Question

You find a little bit (0.150g) of a chemical marked Tri-Nitro-Toluene, and upon combusting it in oxygen, collect 0.204 g of CO2 and 0.030 g H2O (we’ll assume that these are the products, along with nitrogen). You know that TNT is made up solely of C, H, O, and N, and that it contains 18.5% nitrogen by mass.

Answer 1

1) Answer is: the formula is C₇N₃O₆H₅.

M(TNT) = 0.150 g; mass of the trinitrotoluene.

ω(N) = 18.5% ÷ 100%.

ω(N) = 0.185; mass percentage of the nitrogen.

m(N) = 0.150 g · 0.185.

m(N) = 0.02775 ·; mass of the nitrogen.

n(N) = 0.02775 g ÷ 14 g/mol.

n(N) = 0.002 mol; amount of the nitrogen.

n(CO₂) = 0.204 g ÷ 44 g/mol.

n(CO₂) = 0.0046 mol.

n(C) = n(CO₂) = 0.0046 mol; amount of the carbon.

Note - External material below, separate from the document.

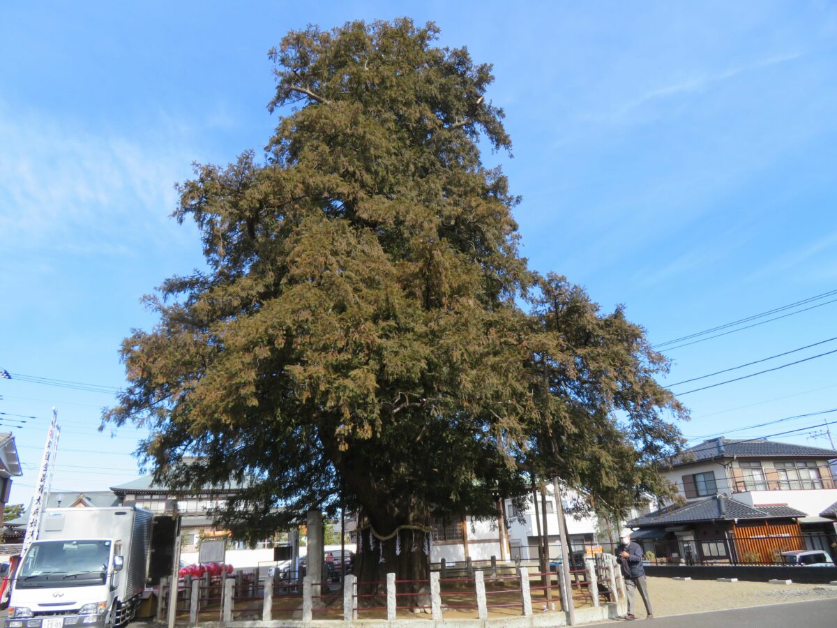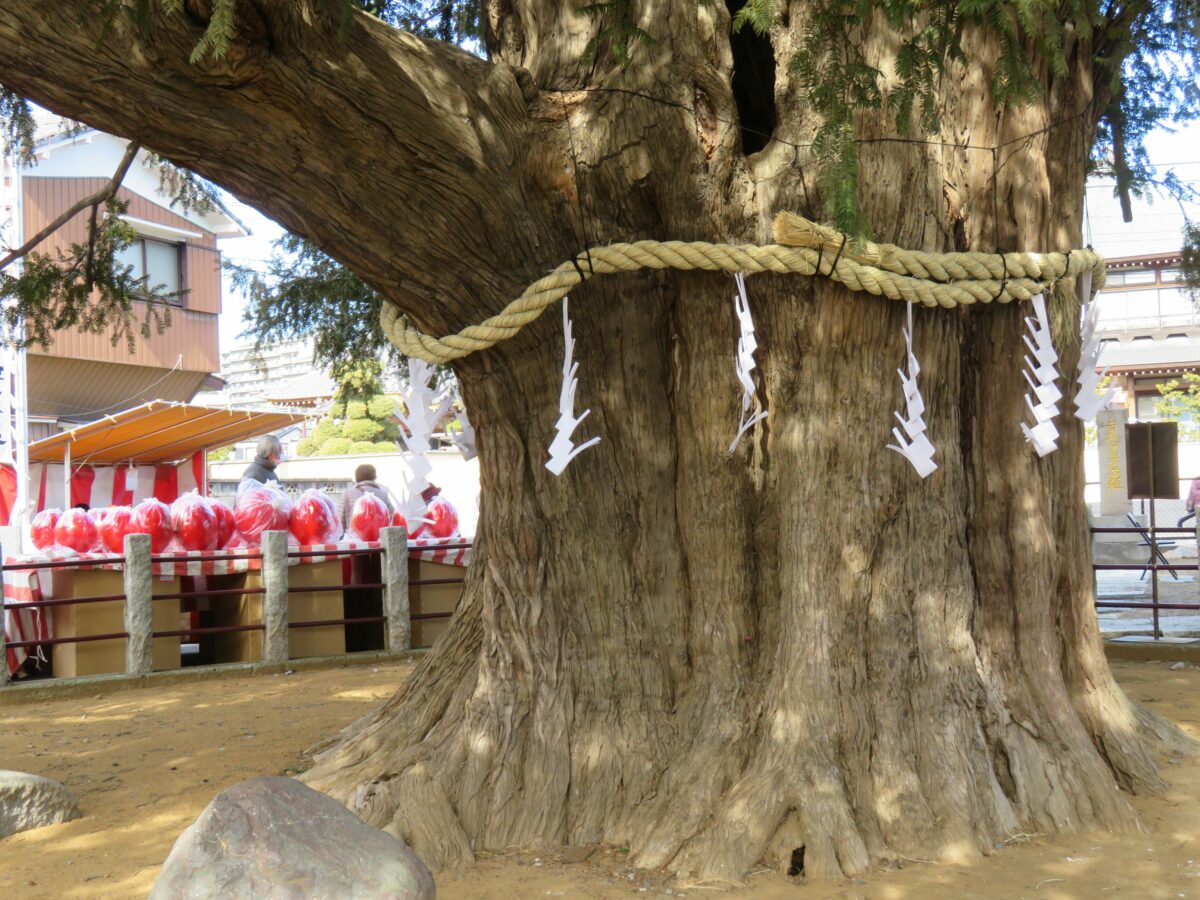 「鈴谷のだるま市」の会場で圧倒的な迫力で視界に入るのは、金毘羅天堂の神木の「与野の大カヤ」です。「榧木金比羅」と呼ばれることもあり、国の天然記念物に指定されています。平安時代の中期に植えたものと伝えられ、室町時代には関東随一の巨木として旅人の道標となっていたと伝わります。全高約21.5メートル、幹まわり約7メートル、根まわり約13.5メートルの大木は与野のシンボルとなっています。

m(C) = 0.0046 mol · 12 g/mol.

m(C) = 0.0552 g; mass of the carbon.

n(H₂O) = 0.030 g ÷ 18 g/mol.

n(H₂O) = 0.00166 mol.

n(H) = 2 · n(H₂O) = 0.0033 mol; amount of the hydrogen.

m(H) = 0.0033 mol · 1 g/mol.

m(H) = 0.0033 g; mass of the hydrogen.

2) m(O) = m(TNT) - m(N) - m(C) - m(H).  

m(O) = 0.150 g - 0.02775 g - 0.0552 g - 0.0033 g.

m(O) = 0.06375 g.

n(O) = 0.06375 g ÷ 16 g/mol.

n(O) = 0.004 mol; amount of oxygen.

n(C) : n(N) : n(O) : n(H) = 0.0046 mol : 0.002 mol : 0.004 mol : 0.0033 mol.

n(C) : n(N) : n(O) : n(H) = 2.33 : 1 : 2 : 1.66 /×3.

n(C) : n(N) : n(O) : n(H) = 7 : 3 : 6 : 5.